There is a sink and a number of cups without scale only know the capacity, how to operate to pour out the amount of water needed?

A simple plan:

  • The Glass Glass:Int
  • State of the State:Vector[Int]
  • Operate the Moves:
    • emptyEmpty(glass)
    • Filled withFill(glass)
    • Pour from cup to cupPour(from, to)

Code:

class Pouring(capacity: Vector[Int]) {
  // States
  type State = Vector[Int]
  val initialState = capacity map (x => 0)
  // Moves
  trait Move {
    def change(state: State) :State
  }
  case class Empty(glass: Int) extends Move {
    def change(state: State) = state updated(glass, 0)}case class Fill(glass: Int) extends Move {
    def change(state: State) = state updated(glass, capacity(glass))
  }
  case class Pour(from: Int, to: Int) extends Move {
    def change(state: State) = {
      val amount = state(from) min (capacity(to) - state(to))

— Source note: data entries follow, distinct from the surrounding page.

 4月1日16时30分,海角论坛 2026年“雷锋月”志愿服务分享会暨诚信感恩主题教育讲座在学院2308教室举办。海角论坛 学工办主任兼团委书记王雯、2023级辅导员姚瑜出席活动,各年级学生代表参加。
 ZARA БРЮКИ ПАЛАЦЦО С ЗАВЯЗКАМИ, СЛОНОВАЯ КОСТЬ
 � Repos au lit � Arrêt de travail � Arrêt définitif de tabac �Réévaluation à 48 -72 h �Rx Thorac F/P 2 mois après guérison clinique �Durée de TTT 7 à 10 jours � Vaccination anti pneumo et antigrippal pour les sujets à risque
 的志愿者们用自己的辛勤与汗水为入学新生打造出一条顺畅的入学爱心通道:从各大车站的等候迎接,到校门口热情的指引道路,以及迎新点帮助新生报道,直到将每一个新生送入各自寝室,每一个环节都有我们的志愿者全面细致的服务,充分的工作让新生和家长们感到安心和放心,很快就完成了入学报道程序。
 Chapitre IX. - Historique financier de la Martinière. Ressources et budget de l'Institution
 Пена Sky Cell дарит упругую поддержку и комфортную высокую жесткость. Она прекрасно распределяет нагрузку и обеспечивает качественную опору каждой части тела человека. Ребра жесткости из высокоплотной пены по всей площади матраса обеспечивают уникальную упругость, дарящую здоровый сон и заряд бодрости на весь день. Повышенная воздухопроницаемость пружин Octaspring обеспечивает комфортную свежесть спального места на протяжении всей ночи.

      state updated(from, state(from) - amount) updated(to, state(to) + amount)
    }
  }
  val glasses = 0 until capacity.length
  val moves =
    (for (g <- glasses) yield Empty(g)) ++
      (for (g <- glasses) yield Fill(g)) ++
      (for (from <- glasses; to <- glasses iffrom ! = to)yield Pour(from, to))
  // Paths
  class Path(history: List[Move], val endState: State) {
    def extend(move: Move) = new Path(move :: history, move change endState)

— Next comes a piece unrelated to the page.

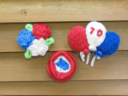 This listing is for a Jubilee badge / brooch knitting pattern of a rosette, balloons and flowers.
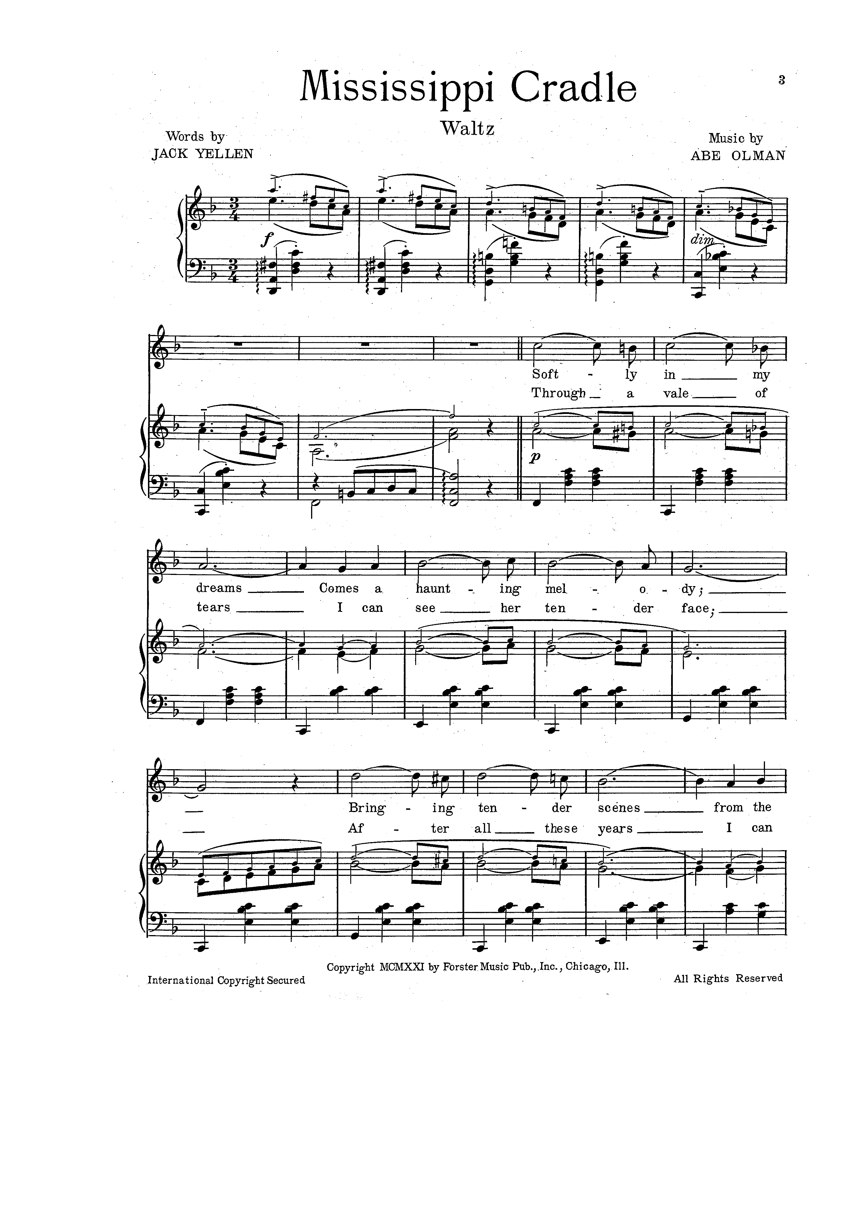 ""MISSISSIPPI CRADLE" WORDS BY JACK YELLEN*MUSIC BY ABE OLMAN" - читать интересную книгу автора

    override def toString = (history.reverse mkString "") + "--> " + endState
  }
  val initialPath = new Path(Nil, initialState)
  def from(paths: Set[Path], explored: Set[State) :Stream[Set[Path]] =
    if(paths.isEmpty) Stream.empty
    else {
      val more = for {
        path <- paths
        next <- moves map path.extend
        if! (explored contains next.endState) }yield next
      paths #:: from(more, explored ++ (more map (_.endState)))
    }
  val pathSets = from(Set(initialPath), Set(initialState))

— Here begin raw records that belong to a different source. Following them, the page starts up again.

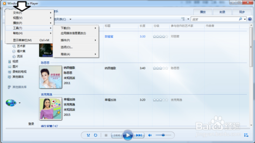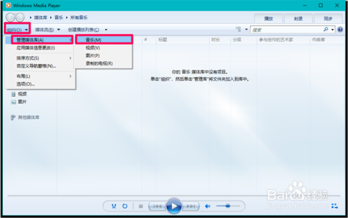windows media player 11 怎么添加音乐?1、从任务栏或开始屏幕中点击Windows Media Player图标,打开Windows Media Player播放器,点击【组织】,在下拉菜单中点击:管理媒体库 - 音乐;
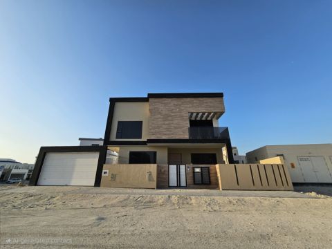 For sale, a villa in Durrat Al Bahrain, Al Fayrouz Island 2, consisting of two floors, 3 master bedrooms, a maid's room, a main hall, a dining room, a reception hall, a kitchen, and a garden with a swimming pool overlooking the beach, shaded by tents, and a parking space. The asking price is 350,000 Bahraini dinars, negotiable within reason.
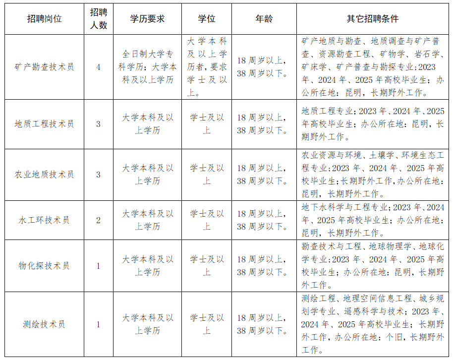 云南省有色地质局三0八队所属云南金色地质勘查技术有限公司根据工作需要,现面向社会公开招聘工作人员。现将有关事宜公告如下:
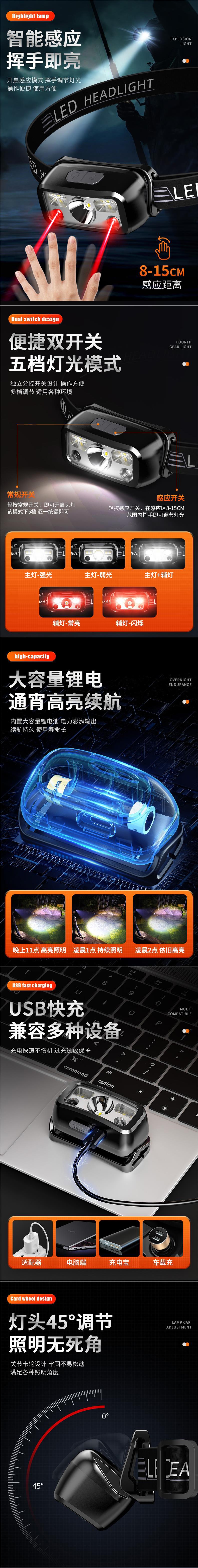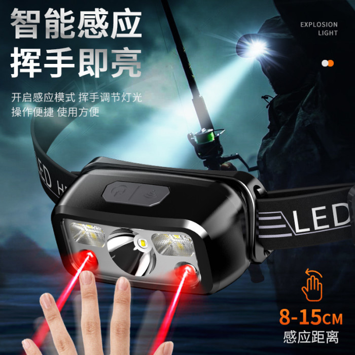兒童頭燈強光頭戴式超亮充電長續航戶外可攜式露營趕海感應防水

  def solutions(target: Int) :Stream[Path] =
    for {
      pathSet <- pathSets
      path <- pathSet
      if path.endState contains target
    } yield path
}
object test {
  val problem = new Pouring(Vector(4.9.19))    // > problem: Pouring = Pouring@1e86486b
  problem.moves                                  // > res0: scala.collection.immutable.IndexedSeq[Product with Serializable with problem.Move] = Vector(Empty(0), Empty(1), The Empty (2), the Fill (0), the Fill (1), the Fill (2), Pour (0, 1), Pour (0, 2), Pour (1, 0), Pour (1, 2), Pour (2, 0), Pour (2, 1))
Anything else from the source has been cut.